The clockwork of his cold routine Put friends far off that once were near; The five staccatos in his laugh Were too defensive and too clear; The glacial sermons that he preached Were longer than they should have been; And, like the man who fashioned them, The best were too divinely thin.
But still he lived, and moved, and had The sort of being that was his, Till on a day the shrine of home For him was in the Mysteries:— “My friend, there’s one thing yet,” said he, “And one that I have never shared With any man that I have met; But you—you know me.
” And he stared For a slow moment at me then With conscious eyes that had the gleam, The shine, before the stroke:—“You know The ways of us, the way we dream: “You know the glory we have won, You know the glamour we have lost; You see me now, you look at me,— And yes, you pity me, almost; “But never mind the pity—no, Confess the faith you can’t conceal; And if you frown, be not like one Of those who frown before they feel.
“For there is truth, and half truth,—yes, And there’s a quarter truth, no doubt; But mine was more than half.
… You smile? You understand? You bear me out? “You always knew that I was right— You are my friend—and I have tried Your faith—your love.
”—The gleam grew small, The stroke was easy, and he died.
I saw the dim look change itself To one that never will be dim; I saw the dead flesh to the grave, But that was not the last of him.
For what was his to live lives yet: Truth, quarter truth, death cannot reach; Nor is it always what we know That we are fittest here to teach.
The fight goes on when fields are still, The triumph clings when arms are down; The jewels of all coronets Are pebbles of the unseen crown; The specious weight of loud reproof Sinks where a still conviction floats; And on God’s ocean after storm Time’s wreckage is half pilot-boats; And what wet faces wash to sight Thereafter feed the common moan:— But Vanderberg no pilot had, Nor could have: he was all alone.

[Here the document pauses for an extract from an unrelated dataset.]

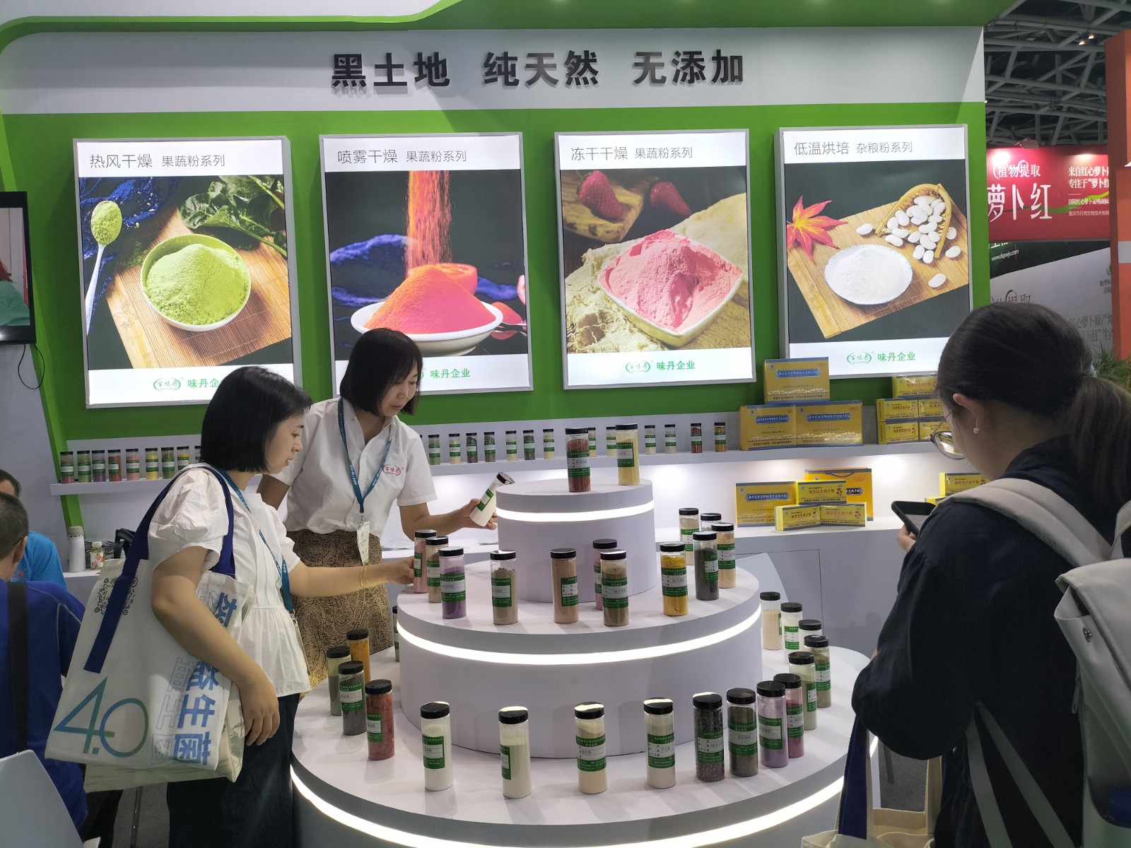 來自國內國際食品相關的精準買家,比如飼料加工行業、雜糧粥生產企業、運動飲料加工企業、保健食品代銷、思域推廣平臺,都來到沈陽味丹展位上,深入交流。對瓶瓶罐罐裝的五顏六色樣品,不同工藝的產品,產生濃厚興趣,日接待量達到上千人。其中,西蘭花粉、番茄粉、紫薯粉、芒果粉、樹莓粉,特別受大家青睞;因為參與此次展會,我們也精準地捕捉到行業趨勢的信息。未來,凍干果蔬粉,需求量增大,必然是發展趨勢。

Unchallenged by the larger light The starry quest was his to make; And of all ways that are for men, The starry way was his to take.

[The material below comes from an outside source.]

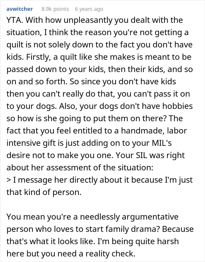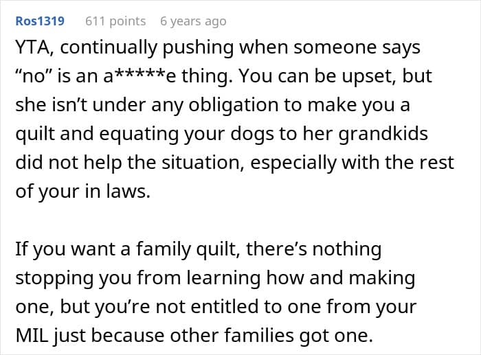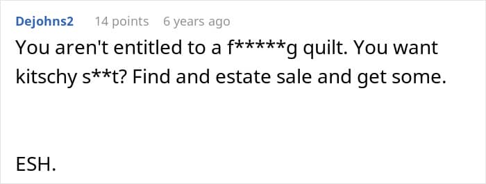 We would love to hear your thoughts on this situation in the comments below, pandas. Do you think this woman was wrong for feeling entitled to a quilt from her mother-in-law? Then, you can find another We article discussing similar family drama right here.
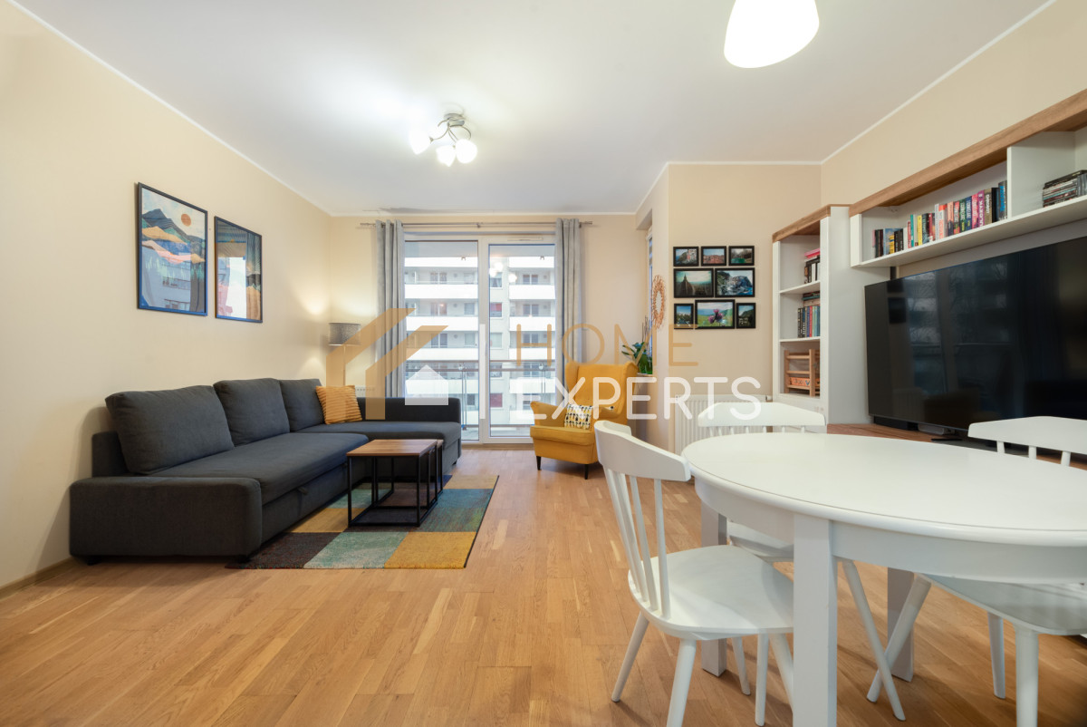 - przestronnego salonu z aneksem kuchennym oraz wyjściem na duży balkon (24,6 m2)

We grant him idle names enough To-day, but even while we frown The fight goes on, the triumph clings, And there is yet the unseen crown But was it his? Did Vanderberg Find half truth to be passion’s thrall, Or as we met him day by day, Was love triumphant, after all? I do not know so much as that; I only know that he died right: Saint Anthony nor Sainte-Nitouche Had ever smiled as he did—quite.